Here, Leonard’s credibility was impeached by her bias (incentive to help the State) and her admitted prior criminal conduct, but she was under cross-examination and her testimony at sentencing was not uncorroborated. Deputy Swan testified that in his search of *951defendant’s house, he found a large amount of cash, as Toni Leonard had indicated, and the defendant’s guilty plea gave credence to the strength of Leonard’s testimony against him. Moreover, much of Leonard’s sentencing testimony was free of the unreliable hearsay problems involved in People v. Crews (1967), 38 Ill. 2d 331, 231 N.E.2d 451, and People v. Washington (1984), 127 Ill. App. 3d 365, 468 N.E.2d 1285, also cited by the defense.
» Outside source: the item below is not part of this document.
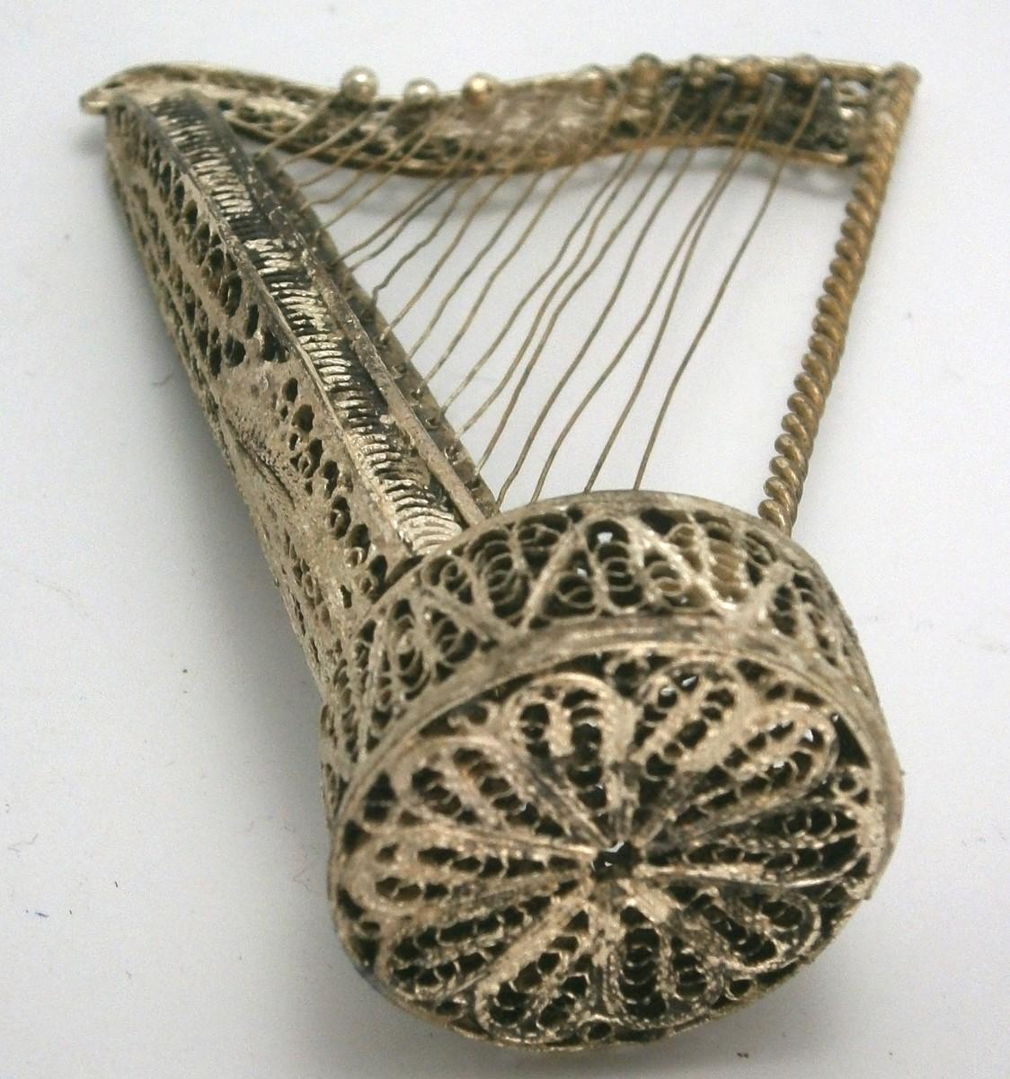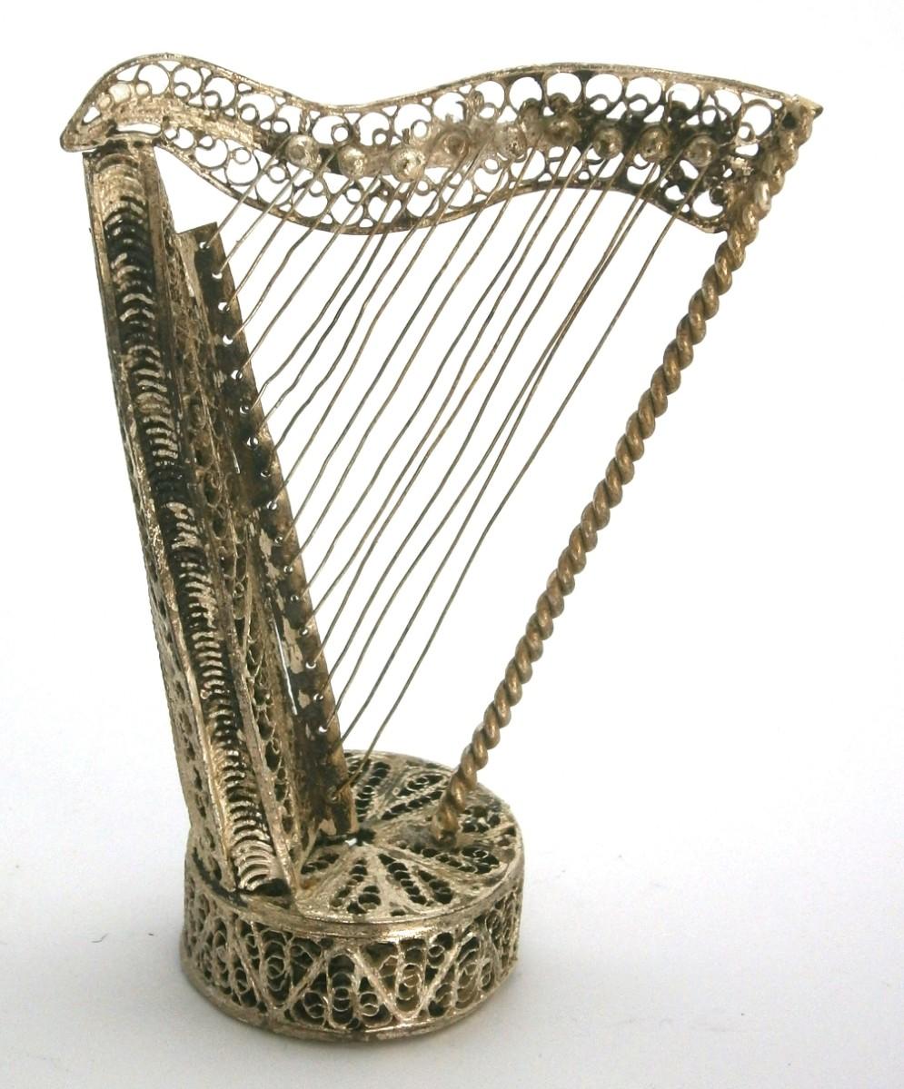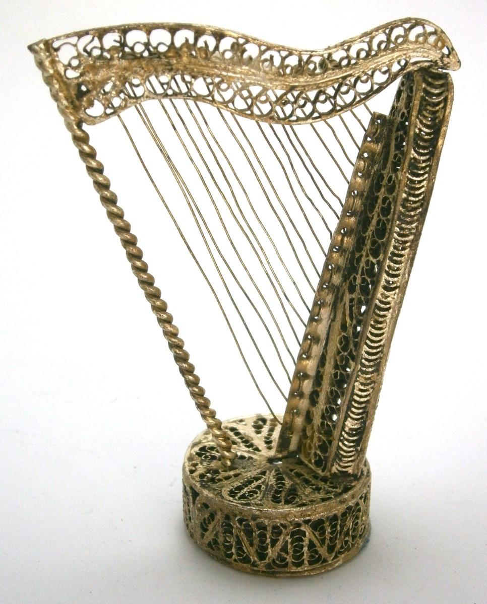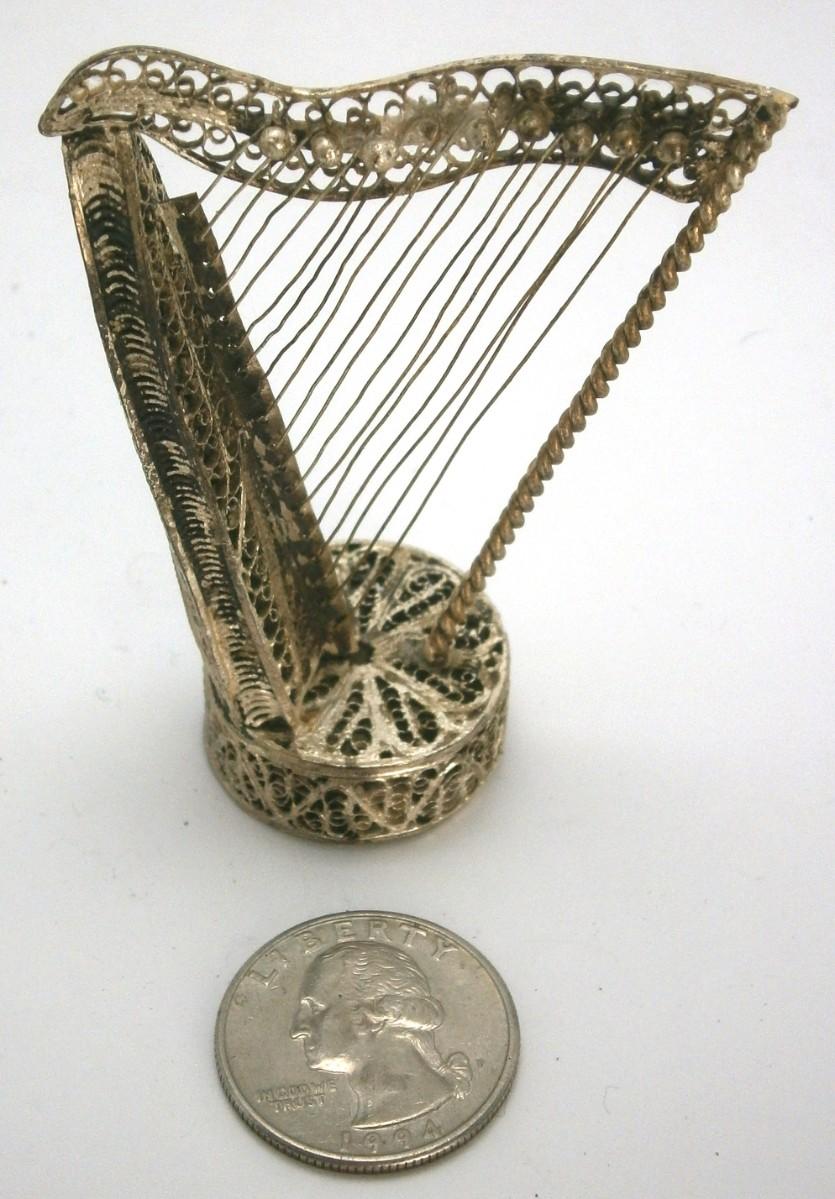Miniature Silverplate Harp from the early 1900's, 2 3/4 in. tall, no markings, could be very low grade silver.

Finally, defendant contends the trial court failed to adequately consider the mitigating factors of his age, minimal criminal record, and the excessive hardship that a sentence of imprisonment would place upon his family. He notes he was only 22 years old when he committed the present offense; had no juvenile record; both his adult convictions were for nonviolent drug offenses; and he has five children, three of whom rely upon his income for support.

Defendant was convicted of a Class X felony. He was also found to be eligible for an extended-term sentence of up to 60 years’ imprisonment because of his previous conviction for possession of a controlled substance. (See Ill. Rev. Stat. 1989, ch. 38, par. 1005—8— 2(a)(2).) His sentence of 15 years’ imprisonment was within the statutory limits. (See Ill. Rev. Stat. 1989, ch. 38, par. 1005—8—1(a)(3).) In addition, although the court did not expressly indicate its consideration of all mitigating factors and the weight assigned to each, the information on mitigating factors was included in the presentence report. The court indicated it had considered the report. Absent contrary evidence, we presume the trial court considered the mitigating factors. People v. Kyse (1991), 220 Ill. App. 3d 971, 975, 581 N.E.2d 285, 288.

Accordingly, for the reasons stated, the judgment of the trial court is affirmed.

Affirmed.

STEIGMANN, P.J., and LUND, J., concur.